_EXERCISE DETAILS_: Each line below should be retyped exactly, with no pictures.

_SUPPLIED INFORMATION_:
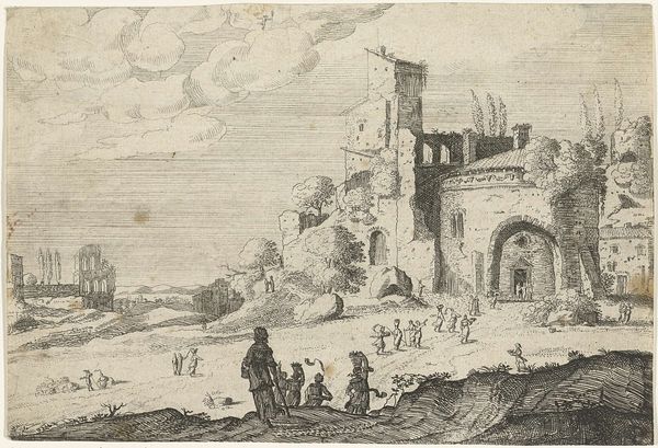 Curator: Here we have an engraving from the Rijksmuseum collection entitled "Landschap met ruïne," or "Landscape with Ruin." It's attributed to an anonymous artist, and its creation is dated somewhat broadly, anywhere between 1600 and 1833. Editor: The ruin certainly sets a melancholic tone, doesn't it? The crisp line work of the engraving actually enhances the feeling of desolation, even with those figures in the foreground. It's a reminder of the transience of even the grandest constructions. Curator: Yes, there is a real starkness in the scene. I'm drawn to the details of how that starkness was achieved. Look closely at the lines, the way the engraver varies the weight to create texture and depth on the stonework of that prominent, rounded ruin. It indicates considerable skill, using tools and methods that had been practiced and refined for centuries. The material of the copper plate and the tools used leave their own distinct mark. Editor: The ruin really is central to the composition, rising up on that gentle hillock. Its rounded form, and even the way it seems to partially echo the shape of the clouds, speaks of enduring power even in decay. And the other architectural features dotted about—the more angular building, and that odd spire on the right—add to this feeling of past grandeur. Do you feel it speaks of vanitas, that symbolic meditation on the futility of earthly life and its pleasures? Curator: Interesting that you pick up on the vanitas symbolism. My attention, though, shifts toward the less romantic aspects. How the act of printmaking allows for this scene to be easily replicated, disseminated, possessed, perhaps by merchants or landlords as reminders of both past wealth and the raw materials still at their disposal. Consider the socio-economic realities intertwined with even a melancholic ruin. Editor: Yes, the economics of its production and distribution are undeniably important. But let’s not overlook how this relatively inexpensive image could bring a taste of high culture to a wider audience, allowing them to participate in shared symbolic landscapes, histories, and feelings about mortality, all carried in these distinct visual symbols. Curator: I suppose when we pull back a bit, we are both grappling with different sides of how materials and symbols are inextricably intertwined in a piece like this, from its creation, to distribution, and now its presence here in the museum collection. Editor: Absolutely, seeing its symbolic depth contextualized alongside material and making reveals its full potential.
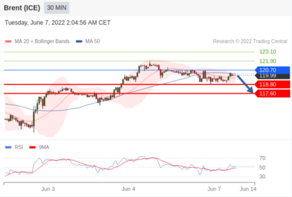 交易策略: 在 120.70 之下,看跌,目标价位为 118.80 ,然后为 117.60 。
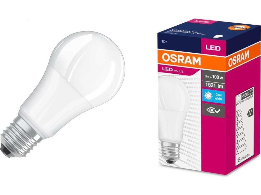 Žiarovka OSRAM® LED FR 100 (ean3428) non-dim, 13W/840 E27 4000K Value CLASSIC A

_YOUR RESPONSE_:
 Curator: Here we have an engraving from the Rijksmuseum collection entitled "Landschap met ruïne," or "Landscape with Ruin." It's attributed to an anonymous artist, and its creation is dated somewhat broadly, anywhere between 1600 and 1833. Editor: The ruin certainly sets a melancholic tone, doesn't it? The crisp line work of the engraving actually enhances the feeling of desolation, even with those figures in the foreground. It's a reminder of the transience of even the grandest constructions. Curator: Yes, there is a real starkness in the scene. I'm drawn to the details of how that starkness was achieved. Look closely at the lines, the way the engraver varies the weight to create texture and depth on the stonework of that prominent, rounded ruin. It indicates considerable skill, using tools and methods that had been practiced and refined for centuries. The material of the copper plate and the tools used leave their own distinct mark. Editor: The ruin really is central to the composition, rising up on that gentle hillock. Its rounded form, and even the way it seems to partially echo the shape of the clouds, speaks of enduring power even in decay. And the other architectural features dotted about—the more angular building, and that odd spire on the right—add to this feeling of past grandeur. Do you feel it speaks of vanitas, that symbolic meditation on the futility of earthly life and its pleasures? Curator: Interesting that you pick up on the vanitas symbolism. My attention, though, shifts toward the less romantic aspects. How the act of printmaking allows for this scene to be easily replicated, disseminated, possessed, perhaps by merchants or landlords as reminders of both past wealth and the raw materials still at their disposal. Consider the socio-economic realities intertwined with even a melancholic ruin. Editor: Yes, the economics of its production and distribution are undeniably important. But let’s not overlook how this relatively inexpensive image could bring a taste of high culture to a wider audience, allowing them to participate in shared symbolic landscapes, histories, and feelings about mortality, all carried in these distinct visual symbols. Curator: I suppose when we pull back a bit, we are both grappling with different sides of how materials and symbols are inextricably intertwined in a piece like this, from its creation, to distribution, and now its presence here in the museum collection. Editor: Absolutely, seeing its symbolic depth contextualized alongside material and making reveals its full potential.
 交易策略: 在 120.70 之下,看跌,目标价位为 118.80 ,然后为 117.60 。
 Žiarovka OSRAM® LED FR 100 (ean3428) non-dim, 13W/840 E27 4000K Value CLASSIC A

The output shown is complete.